I response to the bolded part of your post, judgement is about the final act in my cognitive processing but when I express it can seem firm, conclusive and like the first thing I did but it is not. I think IXFPs judge first but this judgement might become soften by their external irriational process. INXJ process intuitively first then this might become seeming harden by their judging function.

In your abortion example, I can actually 'think' (not the right word at all) about it at first without really judging it, my conscious mind goes in the background (including all judgement, values, thoughts stop for a micro moment) and a free flow process that I do not really direct/conduct/influence naturally & unconciously happens. 
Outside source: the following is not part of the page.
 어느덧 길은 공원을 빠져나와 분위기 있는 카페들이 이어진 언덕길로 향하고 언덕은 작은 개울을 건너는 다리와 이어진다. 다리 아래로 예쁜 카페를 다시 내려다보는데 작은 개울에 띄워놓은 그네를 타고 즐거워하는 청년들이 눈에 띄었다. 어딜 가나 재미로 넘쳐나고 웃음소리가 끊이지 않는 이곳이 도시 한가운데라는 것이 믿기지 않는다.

My mind just kind of lets the idea sit for a while and it goes in its own direction and some sort of subconcious process generates ideas and images around it then I reflect upon the images, impression, insights that I am getting and my mind moves forward towards the future and subconciously and then gradually more consciously, my mind starts considering the likely *future impact and implications* of say in this case, abortions. The judgement really starts happening then and it goes outside to Fe & what impact this would have on others, what do the other members of my society think and why (Ti chips in here). Then a conclusion and judgement is reached based on all these imputs balanced against each other. 
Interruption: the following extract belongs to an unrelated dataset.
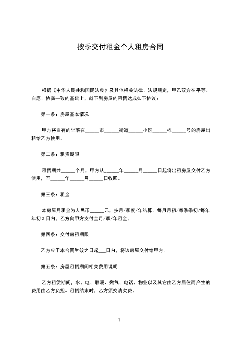 根据《中华人民共和国民法典》及其他相关法律、法规规定,甲乙双方在平等、自愿、协商一致的基础上,就下列房屋的租赁达成如下协议:

Sometimes depending and what I am processing I do not even bother applying and judgement or values to the impressions I am getting, they just sit there and my mind moves on to something else or I might reject them based on rationality. 

I am trying to describe my mind in slow motion and it is hard because the whole process is usually more instant and nebulous than that and sometimes I have to wait for extraverted sensing from my external reality to give me new experiences to feed into my unconscious mind to build a better picture, produce more images, provide more insights so I can form a conclusion (Fe/Ti) that seems 'right'. 
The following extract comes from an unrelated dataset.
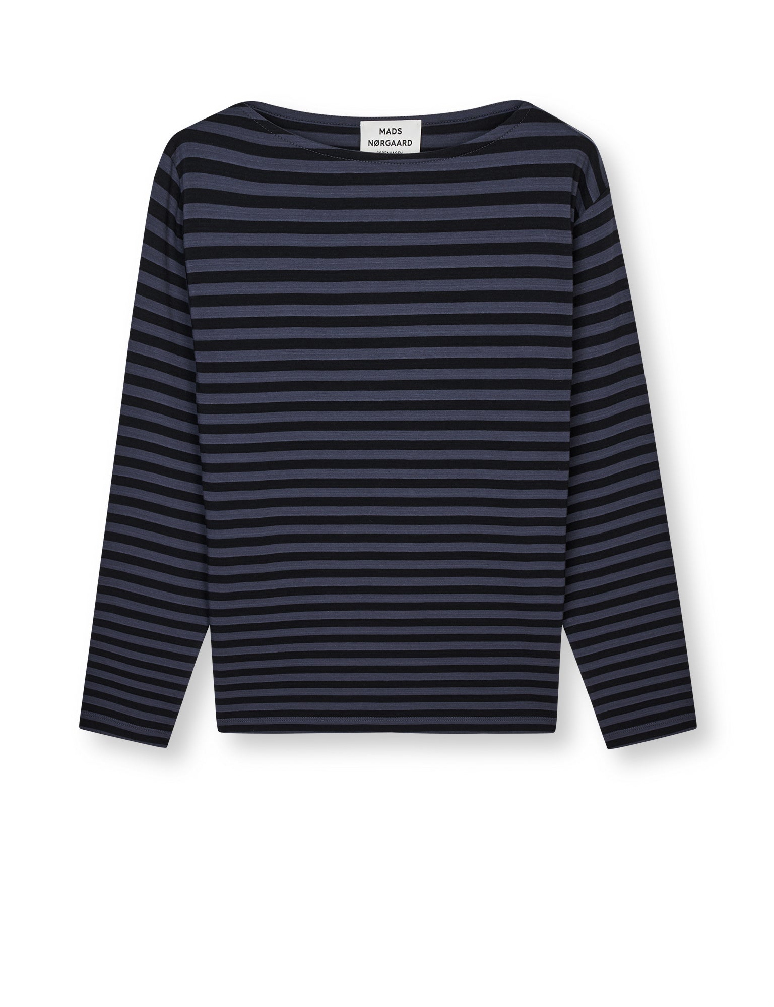 Blød og let langærmet T-shirt med bådudskæring og striber på tværs.

For example, I get intuitive images/impressions about someone I just saw, then my Fe is telling me based on these that he might be what we consider an asshole but I might need more experience around him, Se to get more insights and this is why Ni is always present with Se and cannot really exists properly without it and the Se/Ni process is rather circular.

I like my mind because I can just ask it a question or just let it flow freely stimulated usually by some external stimulus and it delivers images, perceptions, impressions, insights to me which I might then judge after, it is passive and beyond rational. That is my excuse for the craziness I just described anyway.


----------



## uncertain (May 26, 2012)

LeaT said:


> What about Fi? How does Fi work in you?


Not sure if these are Fi related, and I can't list everything.
- I introspect a lot, always evaluate myself, try to become a better person, and think about what to do next, sometimes what I can do for the world. Recently I think a lot about relationship in which the other person rejected me. I never hate this person because I love so much. Instead, I keep thinking about it everyday or every other day. Besides feeling sad, I think about how to deal with it, what does this mean to me, and sometimes I learn about myself, too, during the process, and I question myself a lot.
- I do things when I feel like it.
- I stop doing things when they start to become meaningless to me.
- I can take things too personal, and I take most things personal.
- I value freedom a lot since it allows me to do what I want and it is important to me that I am not told to do something.
- I handle criticism pretty badly. Sometimes I get mad and become very furious and Te-like, and I fight back by debating hostile with people. People who have seen it never want to make me angry again. When I am okay with criticism, I take it and examine/evaluate myself.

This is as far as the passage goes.